The post-jam analysis was released last week by a state assembly committee investigating the scandal. It focused on what would happen if two of the three access lanes reserved for Fort Lee residents were shut down and instead made available to other drivers. Fort Lee, according to the Port Authority, provides about 4.5 percent of George Washington Bridge traffic. The remaining 95 percent or so got to work a little quicker: The 11,592 non-Fort Lee vehicles saved about 5 minutes each during the closure, resulting in about 966 vehicle hours saved. That wasn’t nearly enough to outweigh the cost—Fort Lee traffic resulted in 2,800 vehicle hours of delay. And the analysis noted that even if the traffic queues were half as long, the outcome would still be a net loss. Also, many vehicles sat so long in traffic that they missed peak toll hours, resulting in a revenue loss of $550 a day (or $137,000 over the course of a year).

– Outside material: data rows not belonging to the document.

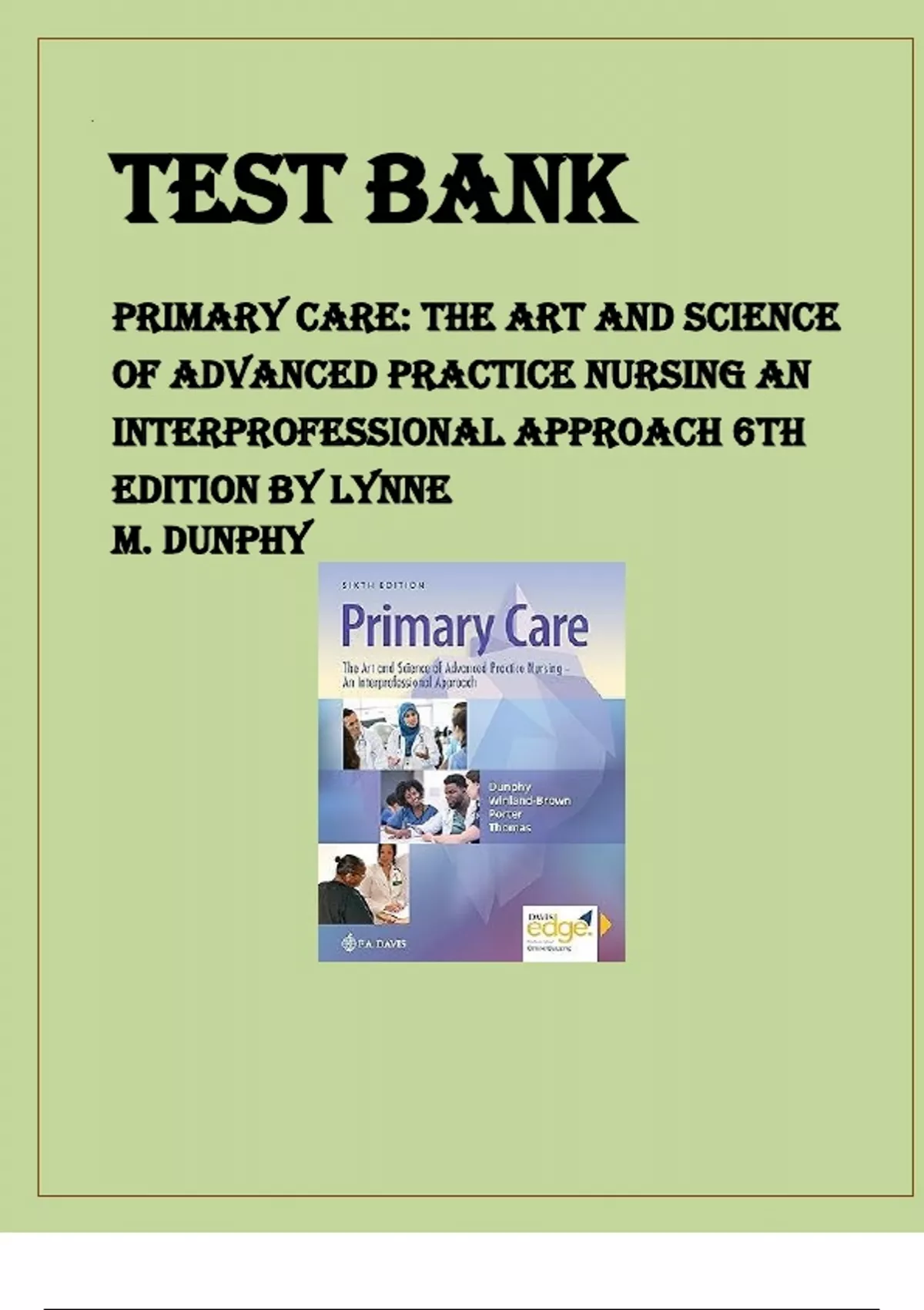 Test Bank Primary Care The Art And Science Of Advanced Practice Nursing An Inter-professional Approach 6th Edition By Lynne M Dunphy TEST BANKS with Rational_rich questions and complete Solutions Latest Verified Review 2024 Practice Questions and Answers
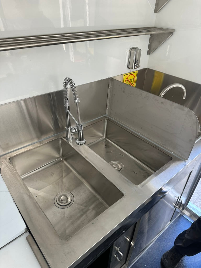 Your council has rules. Your workflow has needs. Our 2+1 sink design meets both. Wider, deeper, seamless for easy cleaning – and fully customizable in size to fit your largest equipment. Place it by the service window for coffee bars, or near the range hood for cooking stations. That stainless steel lid? It's not just a cover – it's extra counter space when you need it most. Because in a busy kitchen, every inch counts.
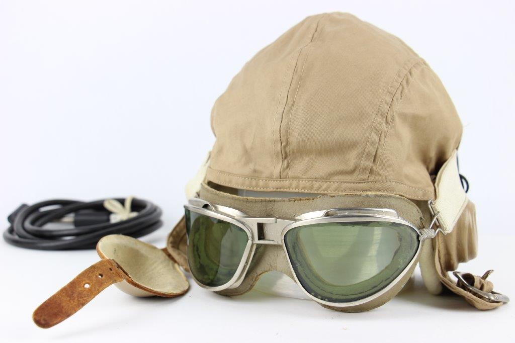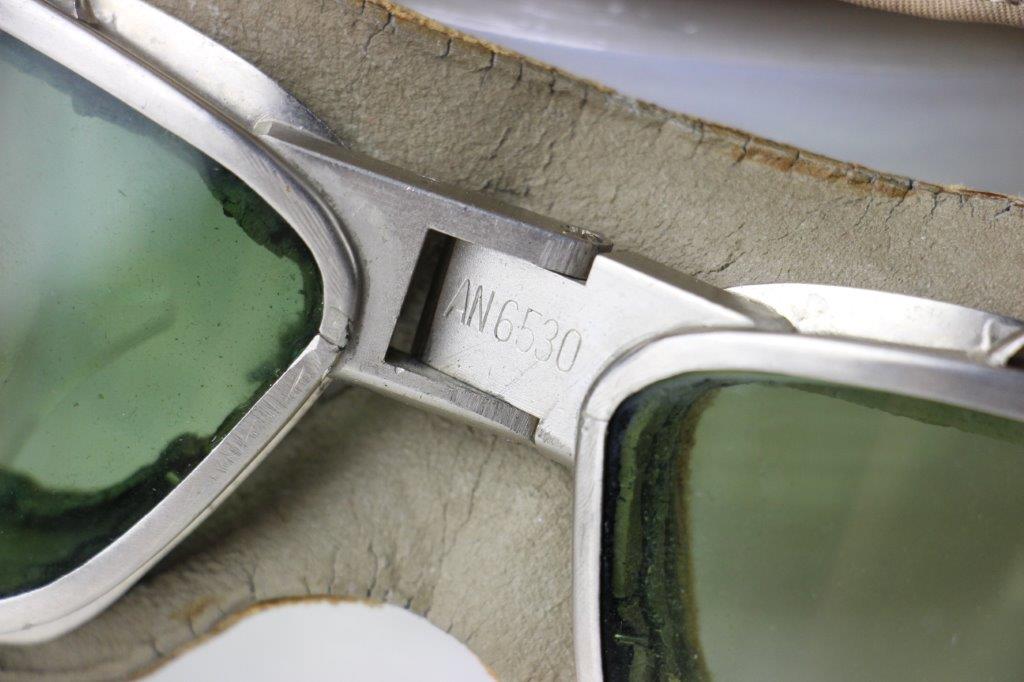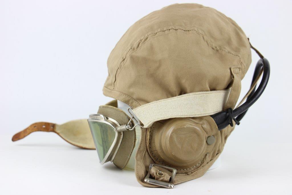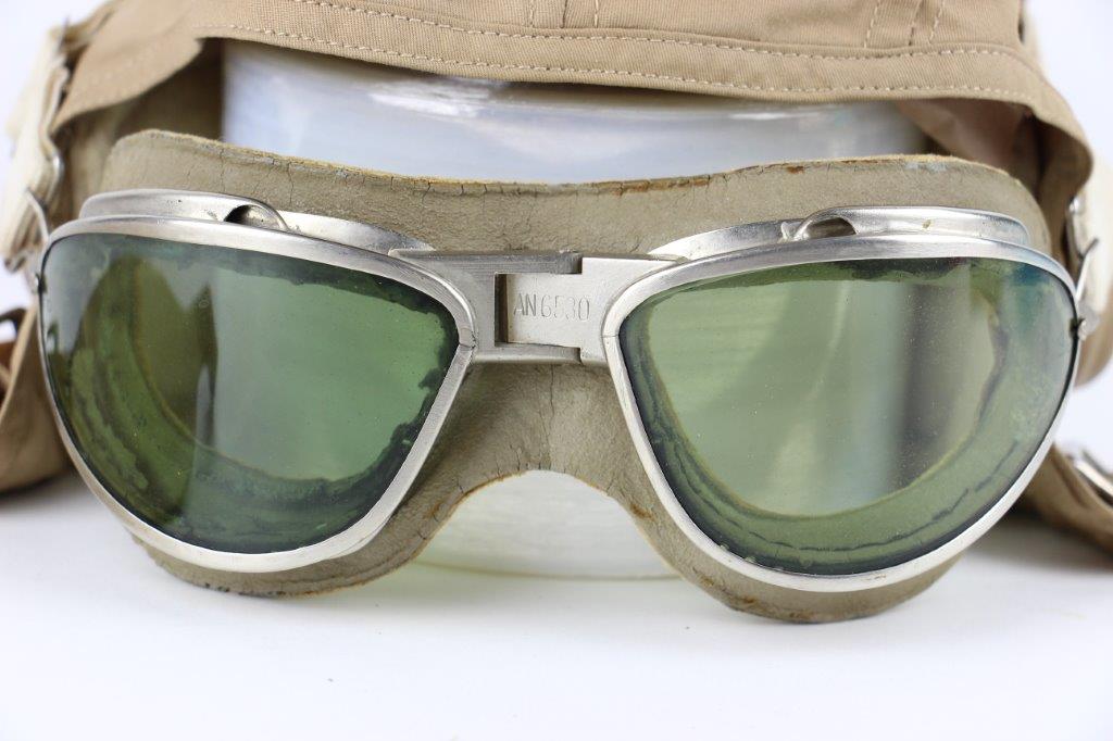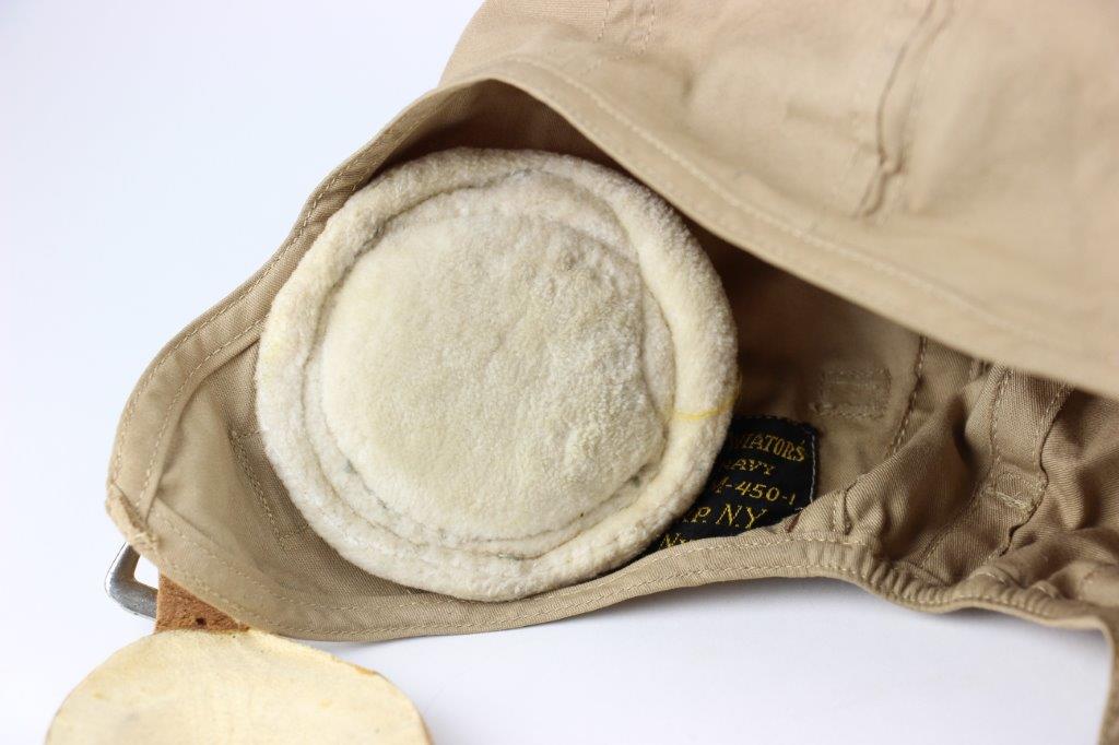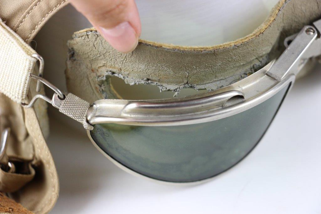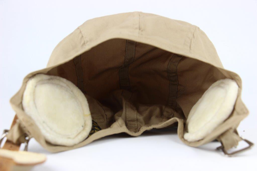 7/19/24 – This is an original, early WW2 Pacific Theatre M-450 US Navy Flight Cap. This example features added communications headgear, which is shown by the sewn-on ear caps and wiring harness. The interior of the ear caps show crude lines of stitching, as these were hastily added for war use, and this example being no exception. The right ear cap slightly covers the original label found on the interior of the cap, which is by H.L.B. Corp. The cap is lightweight “summer” style and in excellent condition. All original stitching throughout is excellent as well. Original leather chinstrap has light wrinkling and mild surface cracking on the exterior but is clean and excellent overall. Also includes flight goggles, marked “AN 6530” on the nose bridge. The lenses are separating from the leather frame, with the right eye missing all of the stitching and being completely detached. The left eye is secure, however. Overall a great example of a WW2 original USN Flight Cap with added comms gear.
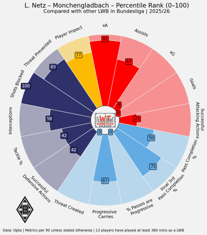 Netz’s data profile suggests he is able to get into some very good positions to make some very valuable defensive contributions - with a Threat Prevented percentile ranking of 83. No LWB in the Bundesliga has blocked more shots per 90 than Netz either.
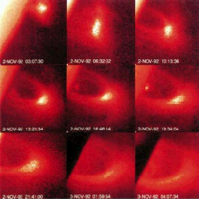 Телескоп мягкого рентгена впервые обеспечил возможность проследить динамику корональных петель. Эти петли в обычном, не возбужденном вспышкой состоянии представляют собой слабоконтрастные образования, которые не были доступны наблюдениям ранее. 2 ноября 1992 года удалось впервые пронаблюдать процесс образования петельной туннельной структуры, вершина которой периодически вытягивалась вверх и вновь замыкалась. Процесс оказался аналогичен процессу вытягивания хвоста магнитосферы Земли в ходе магнитной суббури. Удалось также проследить изменения петельной структуры активной области во время мощной вспышки (Рис. 4).
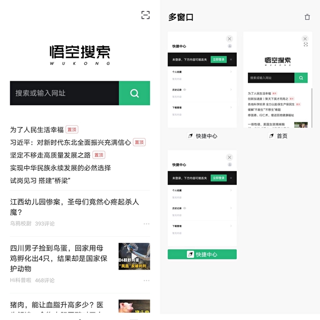 此外,在快捷中心提供收藏、下载、历史记录等基础服务,让搜索更加快捷轻便。多窗口服务则方便用户在不同页面间的跳转。
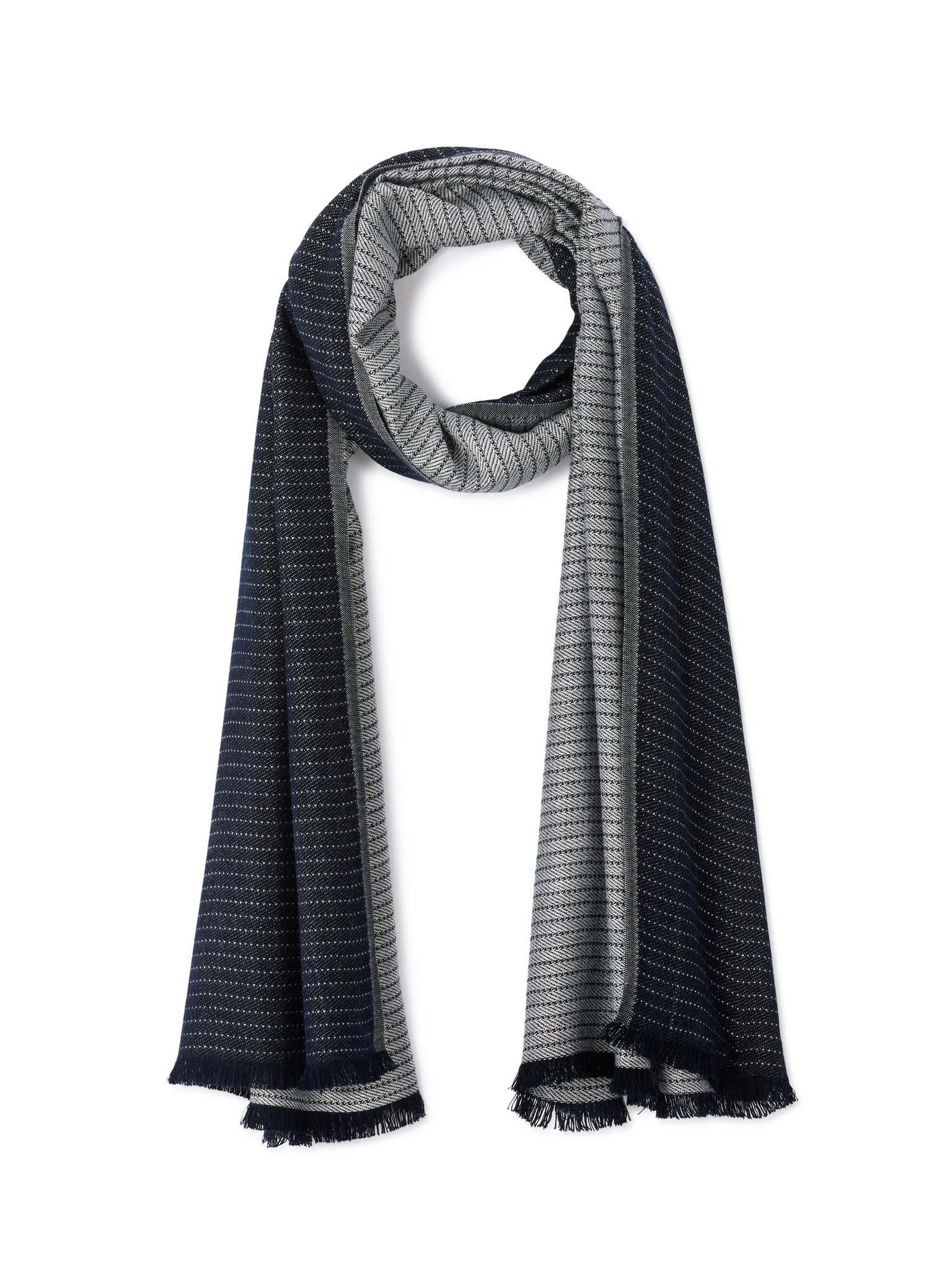 Gestrickter zweifarbig gestreifter Herrenschal dunkelblau Ombre Clothing

A review by the Bergen Record found that the actual results may have been even worse than this analysis suggests. Other towns’ residents also use the Fort Lee access ramps, so the closed lanes delayed as much as 25 percent of the bridge’s motorists. But Port Authority political operatives used the 4.5 percent figure to try to convince nearby Republican lawmakers that the study was legitimate and that Fort Lee didn’t need three lanes, according to the Record. An email from former Port Authority official and Christie high school classmate David Wildstein to recently fired Christie aide Bridget Kelly includes talking points for Republican assemblyman Declan O’Scanlon and Jeff Bader, president of a trucking trade group, about how the closures benefited many New Jersey drivers:

Email from Wildstein to Kelly

Although Wildstein and other Christie allies tried to paint the closures as part of a necessary study, some Port Authority employees were suspicious. One general manager wrote in an email before the closure that the study could be done without leaving Fort Lee with only a single lane. He asked, “What is driving this?” Another supervisor replied, “A single toll lane operation invites potential disaster…It seems like we are punishing all for the sake of a few.”

Port Authority supervisor emails

As the Washington Post‘s Wonkblog points out, traffic studies rarely affect traffic at all. Engineers can measure normal traffic, simulate a closure or other change, and plug the numbers into formulas provided by the Institute of Transportation Engineers to yield the likely outcomes. When traffic does need to be altered, agencies typically do limited trial runs with a public review process to minimize the impact.

Moreover, it does not take a traffic engineer to realize that taking two of three lanes away from Fort Lee would lead to long lines and lots of waiting. But the ultimate conclusion of the post-gridlock review was not so definitive: It reads only “TBD.”